Eine ausdrückliche oder auch nur schlüssige Unterwerfung der klagenden Partei unter die Geschäftsbedingungen der beklagten Partei haben die Vorinstanzen verneint. Diese Entscheidung unterliegt gemäß § 502 Abs 1 ZPO keiner Nachprüfung durch den Obersten Gerichtshof, weil eine ausdrückliche Willenseinigung der Streitteile auf eine sofortige Rügepflicht nicht festgestellt werden konnte und das schlüssige Zustandekommen einer Vereinbarung immer nur nach den Umständen des konkreten Falls beurteilt werden kann. Die Anrufung des Obersten Gerichtshofes ließe sich in einem solchen Fall nur damit rechtfertigen, dass das Gericht den ihm eingeräumten Beurteilungsspielraum überschritten hat oder von den Leitlinien der einschlägigen Judikatur abgewichen ist (vgl RIS-Justiz RS0043253, RS0042742 jeweils mwN). Die Rechtsansicht des Berufungsgerichtes, dass der festgestellte Sachverhalt nicht ausreicht, um der klagenden Partei eine konkludente Billigung der Geschäftsbedingungen der beklagten Partei zu unterstellen, ist jedoch im Hinblick auf die langjährig unterbrochenen Geschäftskontakte der Streitteile und die unterbliebene Erwähnung irgendwelcher Geschäftsbedingungen bei Abschluss des streitgegenständlichen Vertrags (ON 50, 8) vertretbar (vgl jüngst 2 Ob 86/03s = ecolex 2003/267).

Dass die Österr Holzhandelsusancen als Handelsbrauch gelten, hätte an sich die beklagten Partei, die sich darauf berufen hat, nachweisen müssen (Kramer in Straube 3. Auflage Rz 30 zu § 346 HGB; 1 Ob 2024/96w). Da zu dieser Tatsache keine Beweise aufgenommen wurden (und mangels zweckdienlicher Beweisanbote der beklagten Partei auch nicht aufgenommen werden mussten), ist für die Geltung der österr Holzhandelsusancen als Handelsbrauch nur der Umstand verwertbar, dass beide Vorinstanzen die Anwendbarkeit der Holzhandelsusancen unabhängig von einer rechtsgeschäftlichen Inkraftsetzung (die an sich auch bei bloßen Usancen notwendig wäre: vgl Kramer aaO, Rz 7) unterstellten, allerdings mit der Einschränkung, dass dies (grundsätzlich) nur für den Holzhandel, also nicht für den streitgegenständlichen Werkvertrag (die Trocknung von Holz der klagenden Partei) gilt.
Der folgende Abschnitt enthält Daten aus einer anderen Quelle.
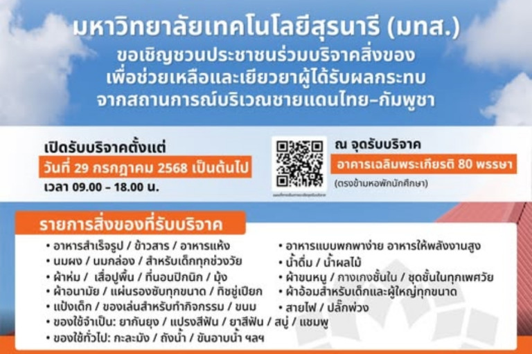 เมื่อวันที่ 28 กรกฎาคม เพจเฟสบุ๊ก “ Suranaree University of Technology ” ได้โพสต์ข้อความ “ มหาวิทยาลัยเทคโนโลยีสุรนารี (มทส.) อ.เมืองนครราชสีมา ขอเชิญชวนประชาชนร่วมบริจาคสิ่งของเพื่อช่วยเหลือและเยียวยาผู้ได้รับผลกระทบจากสถานการณ์บริเวณชายแดนไทย–กัมพูชา เปิดรับบริจาคตั้งแต่วันที่ 29 กรกฎาคม 2568 เป็นต้นไปเวลา 09.00 – 18.00 น. ณ จุดรับบริจาค อาคารเฉลิมพระเกียรติ 80 พรรษา(ตรงข้ามหอพักนักศึกษา)
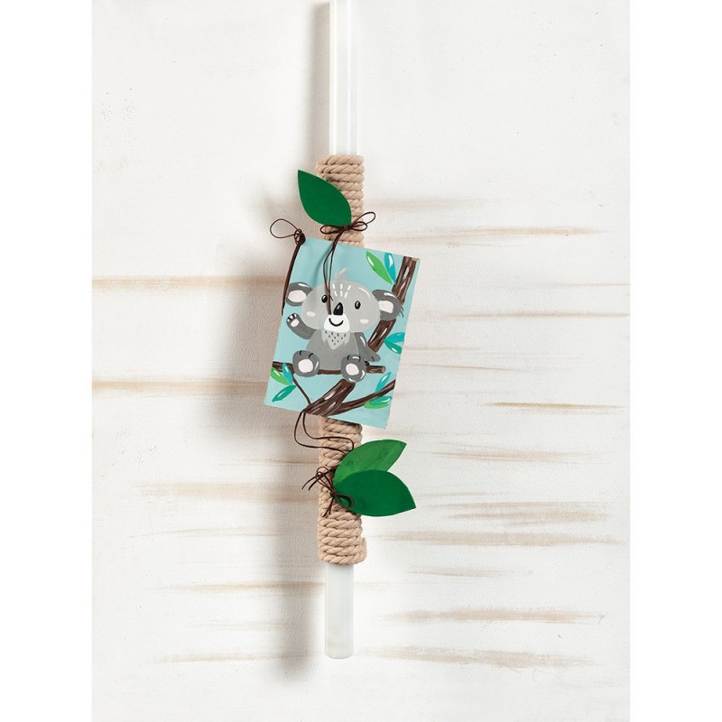 • Η λαμπάδα είναι διακοσμημένη με ξύλινη παράσταση κοάλα να μας χαιρετάει πάνω σε ένα κλαδί δέντρου. Η λαμπάδα είναι τυλιγμένη με υφασμάτινο κορδόνι σε καφέ απόχρωση και διακοσμημένη με τσόχινα φύλλα δέντρου.Ύψος: 90 cm Καδράκι: 25 x 17cm

Dass das keine den Obersten Gerichtshof bindende Feststellung, sondern das Ergebnis einer (nach Ansicht der beklagten Partei verfehlten, im Rahmen der rechtlichen Beurteilung korrigierbaren) Auslegung der ÖHHU sei, trifft nicht zu. Notorisch könnte die Geltung der ÖHHU als Handelsbrauch (und zwar als ganzes Regelwerk, obwohl dies erheblichen Bedenken begegnet: Kramer aaO, Rz

7) nur nach Maßgabe der publizierten Gutachten der Bundeskammer der gewerblichen Wirtschaft sein, die besagen, dass diese Usancen "als Feststellung bestehender Handelsbräuche für den gesamten österreichischen Holzhandel anzusehen sind" (so das Gutachten vom 30. 6. 1981, RGp-Jdz 1156/81, zu 9 Cg 132/81 des LG Linz, enthalten in Folge 7 der vom Präsidenten des Handelsgerichtes Wien veröffentlichten Handelsbräuche in Österreich; idS auch das Vorwort zu den Österr Holzhandelsusancen, Wien 1985), also genau jene Einschränkung des Anwendungsbereichs vornehmen, von der auch das Berufungsgericht (aus welchen Argumenten auch immer) ausgegangen ist. Damit bleibt es im hier zu beurteilenden Fall dabei, dass der Nachweis für die von der beklagten Partei behauptete Tatsache fehlt, die als Handelsbrauch für jede Art des Holzhandels festgestellte sofortige Rügepflicht (§ 27 ÖHHU) gelte auch für die als Werkvertrag zu qualifizierende Lohntrocknung von Holz. Es stellt sich in diesem Zusammenhang, wie das Berufungsgericht ausführte, tatsächlich nur

eine nicht revisible Tatfrage. Dass der Entscheidung 6 Ob 546/90 =

RdW 1990, 405 = JBl 1991, 116 Gegenteiliges zu entnehmen wäre, trifft

nicht zu; dass dort die ausdrücklich festgestellte Geltung der ÖHHU für alle Geschäfte in Holz aller Art "auch" auf den Holzlieferungsvertrag der damaligen Streitteile bezogen wurde, war eine lediglich den Anlassfall erledigende Subsumtion.